Exercise details >> Omit every picture, then return the listing verbatim.

Available data >>
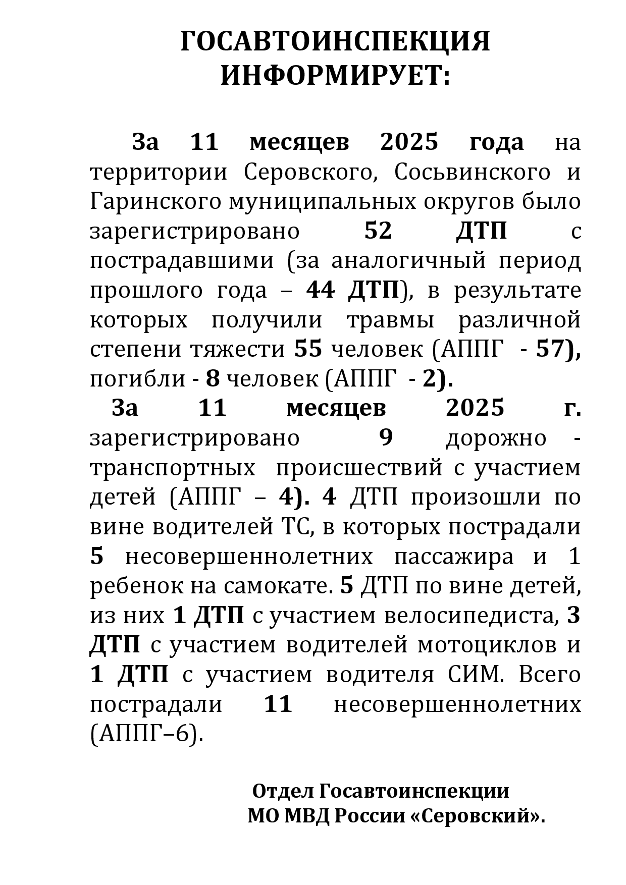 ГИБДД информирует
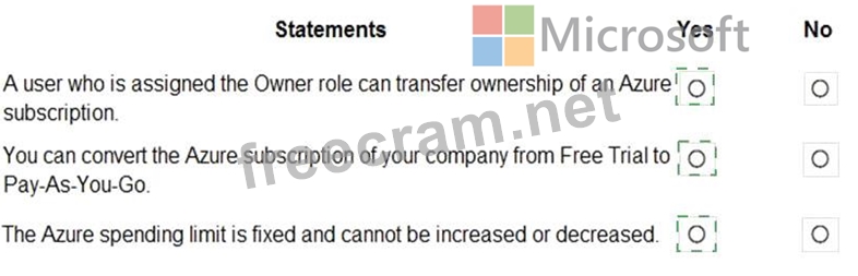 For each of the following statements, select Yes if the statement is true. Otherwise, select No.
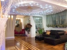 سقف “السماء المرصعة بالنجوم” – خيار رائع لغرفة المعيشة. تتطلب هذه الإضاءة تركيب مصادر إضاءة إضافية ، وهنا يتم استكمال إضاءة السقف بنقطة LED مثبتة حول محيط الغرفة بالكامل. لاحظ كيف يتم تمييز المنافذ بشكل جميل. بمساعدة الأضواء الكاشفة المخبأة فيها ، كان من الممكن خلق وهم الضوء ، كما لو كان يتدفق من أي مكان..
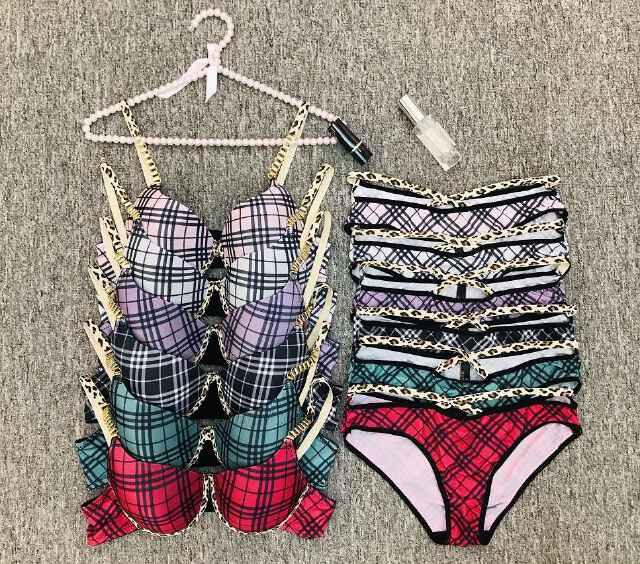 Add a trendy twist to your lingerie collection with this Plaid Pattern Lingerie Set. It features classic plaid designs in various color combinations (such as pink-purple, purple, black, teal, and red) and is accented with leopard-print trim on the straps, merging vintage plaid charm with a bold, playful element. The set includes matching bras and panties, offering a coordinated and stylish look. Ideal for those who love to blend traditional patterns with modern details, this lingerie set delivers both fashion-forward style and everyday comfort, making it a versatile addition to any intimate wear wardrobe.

Exercise result >>
 ГИБДД информирует
 For each of the following statements, select Yes if the statement is true. Otherwise, select No.
 سقف “السماء المرصعة بالنجوم” – خيار رائع لغرفة المعيشة. تتطلب هذه الإضاءة تركيب مصادر إضاءة إضافية ، وهنا يتم استكمال إضاءة السقف بنقطة LED مثبتة حول محيط الغرفة بالكامل. لاحظ كيف يتم تمييز المنافذ بشكل جميل. بمساعدة الأضواء الكاشفة المخبأة فيها ، كان من الممكن خلق وهم الضوء ، كما لو كان يتدفق من أي مكان..
 Add a trendy twist to your lingerie collection with this Plaid Pattern Lingerie Set. It features classic plaid designs in various color combinations (such as pink-purple, purple, black, teal, and red) and is accented with leopard-print trim on the straps, merging vintage plaid charm with a bold, playful element. The set includes matching bras and panties, offering a coordinated and stylish look. Ideal for those who love to blend traditional patterns with modern details, this lingerie set delivers both fashion-forward style and everyday comfort, making it a versatile addition to any intimate wear wardrobe.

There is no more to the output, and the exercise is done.